*What the task asks:* The line bearing "项目主打四房户型,具体面积分", together with all lines after it to the end of the material, should be repeated exactly; leave out everything else.

◆ ◆ ◆ ◆ ◆ ◆ ◆

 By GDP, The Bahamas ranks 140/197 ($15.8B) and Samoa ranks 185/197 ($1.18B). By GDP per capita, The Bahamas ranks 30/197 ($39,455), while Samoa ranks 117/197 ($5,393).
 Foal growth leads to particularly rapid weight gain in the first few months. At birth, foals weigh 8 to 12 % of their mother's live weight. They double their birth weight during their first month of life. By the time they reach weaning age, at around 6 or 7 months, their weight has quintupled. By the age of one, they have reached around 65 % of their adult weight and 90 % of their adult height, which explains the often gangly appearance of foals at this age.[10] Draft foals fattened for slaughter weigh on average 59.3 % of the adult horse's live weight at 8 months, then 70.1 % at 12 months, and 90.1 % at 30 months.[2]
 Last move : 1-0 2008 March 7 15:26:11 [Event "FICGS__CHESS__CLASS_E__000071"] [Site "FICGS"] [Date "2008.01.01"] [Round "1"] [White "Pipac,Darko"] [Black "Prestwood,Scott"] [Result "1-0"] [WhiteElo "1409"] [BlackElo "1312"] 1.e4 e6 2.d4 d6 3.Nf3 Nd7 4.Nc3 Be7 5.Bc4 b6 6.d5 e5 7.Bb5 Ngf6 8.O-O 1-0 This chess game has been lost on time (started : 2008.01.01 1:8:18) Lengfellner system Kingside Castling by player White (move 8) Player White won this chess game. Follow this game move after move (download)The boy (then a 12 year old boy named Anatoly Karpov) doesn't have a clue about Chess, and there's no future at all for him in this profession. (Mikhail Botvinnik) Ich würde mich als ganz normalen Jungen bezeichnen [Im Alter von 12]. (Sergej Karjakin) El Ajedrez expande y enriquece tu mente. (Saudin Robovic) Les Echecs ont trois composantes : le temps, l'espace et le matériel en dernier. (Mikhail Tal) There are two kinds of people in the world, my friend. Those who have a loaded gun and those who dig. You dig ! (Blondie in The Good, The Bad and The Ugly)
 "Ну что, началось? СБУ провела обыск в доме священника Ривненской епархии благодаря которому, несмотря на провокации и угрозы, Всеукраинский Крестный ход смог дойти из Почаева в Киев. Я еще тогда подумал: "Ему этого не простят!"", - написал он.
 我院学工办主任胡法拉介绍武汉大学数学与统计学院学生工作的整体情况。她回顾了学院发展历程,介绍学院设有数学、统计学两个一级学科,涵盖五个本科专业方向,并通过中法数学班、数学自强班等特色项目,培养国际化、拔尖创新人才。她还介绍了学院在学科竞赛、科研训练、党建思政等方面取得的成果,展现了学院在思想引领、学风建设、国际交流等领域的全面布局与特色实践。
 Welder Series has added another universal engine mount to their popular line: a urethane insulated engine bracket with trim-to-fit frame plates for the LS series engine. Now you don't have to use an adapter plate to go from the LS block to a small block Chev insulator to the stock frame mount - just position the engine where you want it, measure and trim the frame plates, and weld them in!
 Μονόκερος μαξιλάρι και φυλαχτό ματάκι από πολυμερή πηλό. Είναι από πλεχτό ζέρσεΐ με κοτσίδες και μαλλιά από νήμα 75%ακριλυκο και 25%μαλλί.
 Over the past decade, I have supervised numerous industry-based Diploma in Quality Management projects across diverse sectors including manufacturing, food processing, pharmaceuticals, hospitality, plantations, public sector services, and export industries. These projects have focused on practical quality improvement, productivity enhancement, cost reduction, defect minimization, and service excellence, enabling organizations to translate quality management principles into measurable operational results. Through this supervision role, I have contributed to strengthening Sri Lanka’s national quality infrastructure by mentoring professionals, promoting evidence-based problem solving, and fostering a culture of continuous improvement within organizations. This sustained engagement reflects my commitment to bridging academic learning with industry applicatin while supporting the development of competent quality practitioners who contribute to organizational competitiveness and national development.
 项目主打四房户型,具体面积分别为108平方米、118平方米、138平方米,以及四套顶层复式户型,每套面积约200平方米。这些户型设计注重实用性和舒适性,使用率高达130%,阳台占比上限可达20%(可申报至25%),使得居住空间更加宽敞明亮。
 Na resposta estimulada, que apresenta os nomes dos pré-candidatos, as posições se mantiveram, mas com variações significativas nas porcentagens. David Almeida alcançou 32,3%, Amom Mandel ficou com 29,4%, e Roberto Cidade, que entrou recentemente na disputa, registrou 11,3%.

◆ ◆ ◆ ◆ ◆ ◆ ◆

*The completed task:*
 项目主打四房户型,具体面积分别为108平方米、118平方米、138平方米,以及四套顶层复式户型,每套面积约200平方米。这些户型设计注重实用性和舒适性,使用率高达130%,阳台占比上限可达20%(可申报至25%),使得居住空间更加宽敞明亮。
 Na resposta estimulada, que apresenta os nomes dos pré-candidatos, as posições se mantiveram, mas com variações significativas nas porcentagens. David Almeida alcançou 32,3%, Amom Mandel ficou com 29,4%, e Roberto Cidade, que entrou recentemente na disputa, registrou 11,3%.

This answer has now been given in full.